▸ Requirement:
Pictures left aside, return the lines below exactly, from the one with "VERLEIBEN, 2025 –" to the end, including both ends.
═══ Records for this task ═══
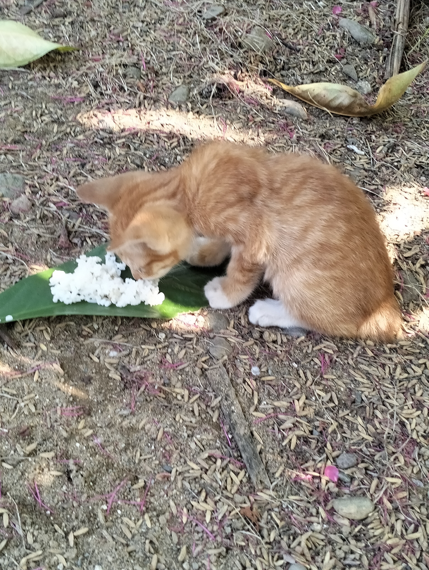 - "In Meunasahalue, Indonesia, a small orange and white tabby kitten is observed eating cooked white rice from a broad green leaf positioned directly on the ground" by FM-sAcf03, licensed under CC BY 4.0
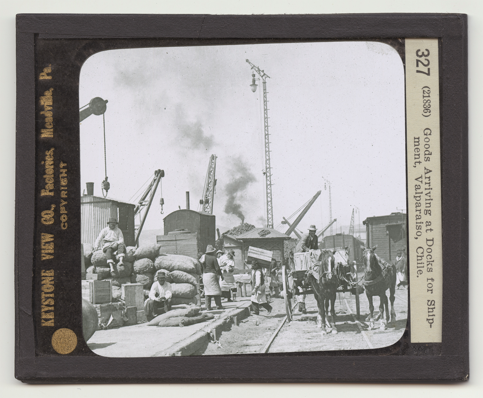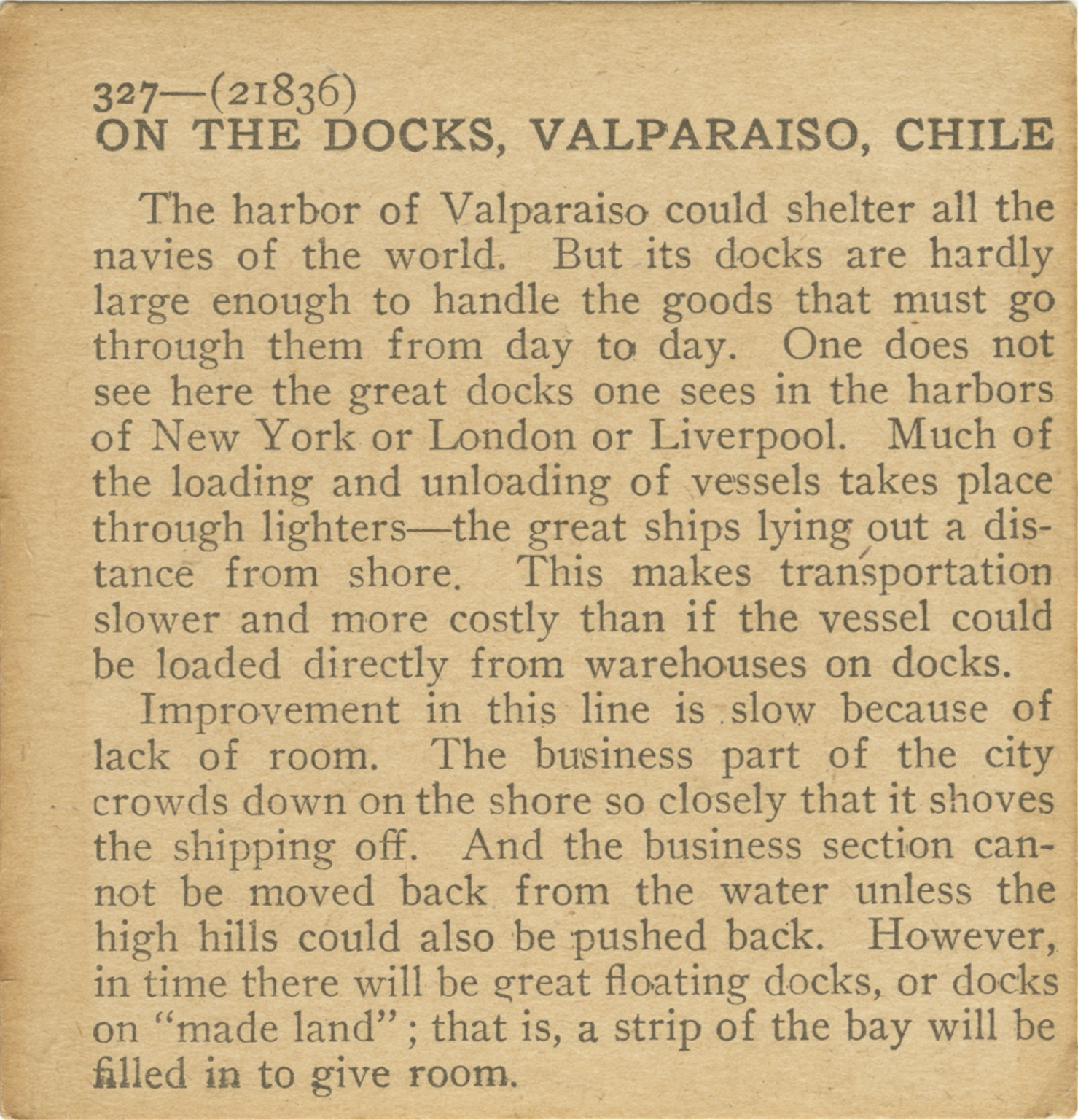 The harbor of Valparaiso could shelter all the navies of the world. But its docks are hardly large enough to handle the goods that must go through them from day to day. One does not see here the great docks one sees in the harbors of New York or London or Liverpool. Much of the loading and unloading of vessels takes place through lighters - the great ships lying out a distance from shore. This makes transportation slower and more costly than if the vessel could be loaded directly from warehouses on docks. Improvement in this line is slow because of lack of room. The business part of the city crowds down on the shore so closely that it shoves the shipping off. And the business section cannot be moved back from the water unless the high hills could also be pushed back. However, in time there will be great floating docks, or docks on "made land"; that is a strip of the bat will be fitted in to give room.
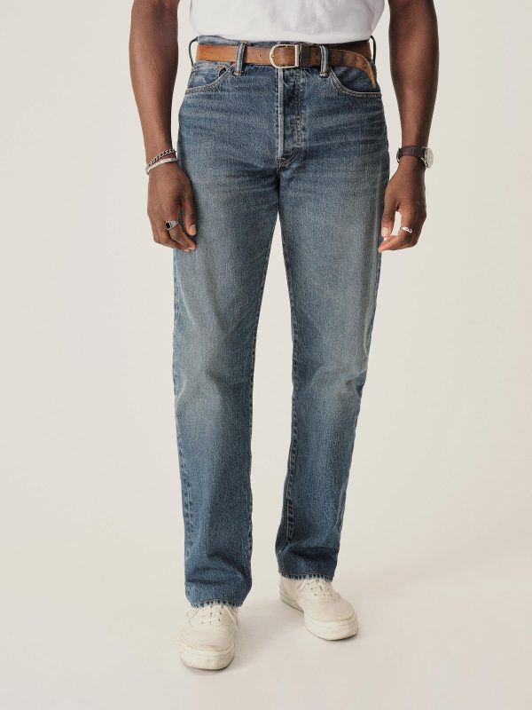 A classic 5-pocket jean in our Ford Standard fit: mid-rise, straight through the thighs with a taper below the knee. Inspired by our favorite vintage jeans, this 14 oz denim from Japan-based Kaihara mills has a hint of stretch and an organic texture that develops more character with every wear. Garment rinsed for a lived-in feel. Details include copper rivets and a metal tack button fly.
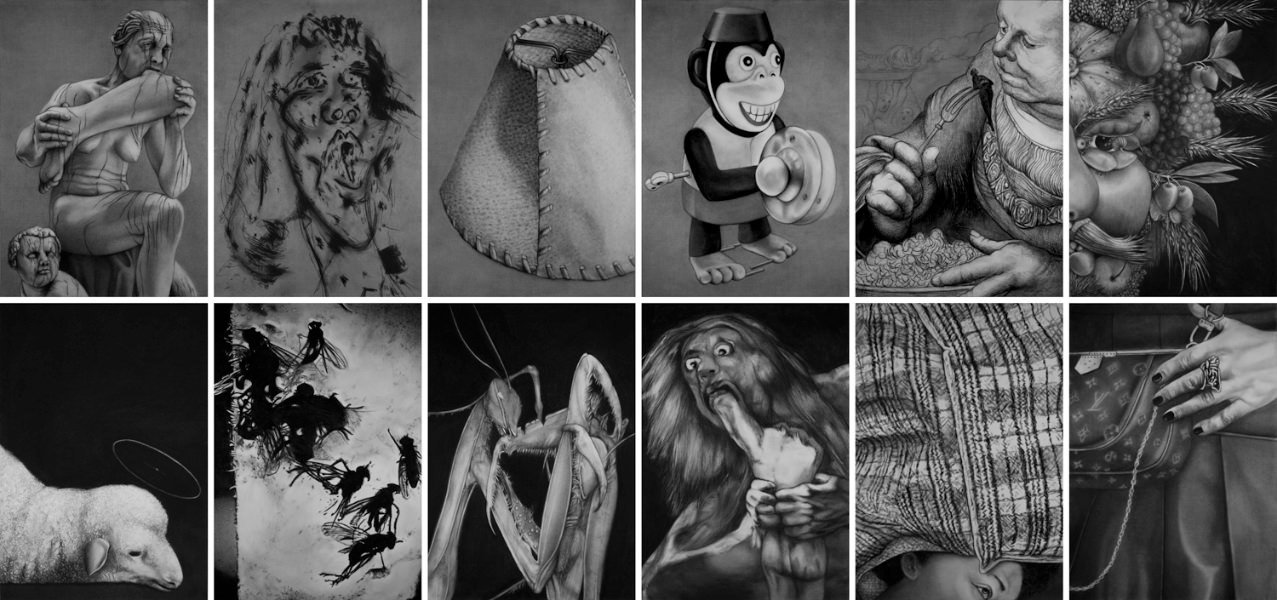 VERLEIBEN, 2025 – Museum der Schatten, [Leonhard Kern, Antonin Artaud, Lampenschirm aus Menschenhaut - Buchenwald, Gustave Doré, Giuseppe Arcimboldo, Francisco de Zurbarán, Jaques-André Boiffard, Francisco José de Goya], Kohle/Papier, 12-teilig, je 100 × 70 cm, gesamt 202 × 430 cm
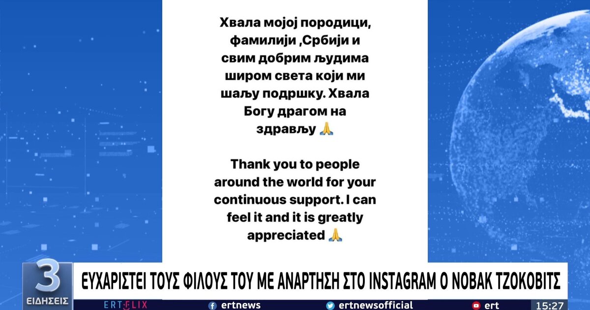 Ο κορυφαίος Σέρβος τενίστας, Νόβακ Τζόκοβιτς, ο οποίος παραμένει στη Μελβούρνη, ευχαρίστησε τον κόσμο για την στήριξη που του δείχνει μέσω ανάρτησης που πραγματοποίησε στα social media του.
═══
▸ Completed task:
 VERLEIBEN, 2025 – Museum der Schatten, [Leonhard Kern, Antonin Artaud, Lampenschirm aus Menschenhaut - Buchenwald, Gustave Doré, Giuseppe Arcimboldo, Francisco de Zurbarán, Jaques-André Boiffard, Francisco José de Goya], Kohle/Papier, 12-teilig, je 100 × 70 cm, gesamt 202 × 430 cm
 Ο κορυφαίος Σέρβος τενίστας, Νόβακ Τζόκοβιτς, ο οποίος παραμένει στη Μελβούρνη, ευχαρίστησε τον κόσμο για την στήριξη που του δείχνει μέσω ανάρτησης που πραγματοποίησε στα social media του.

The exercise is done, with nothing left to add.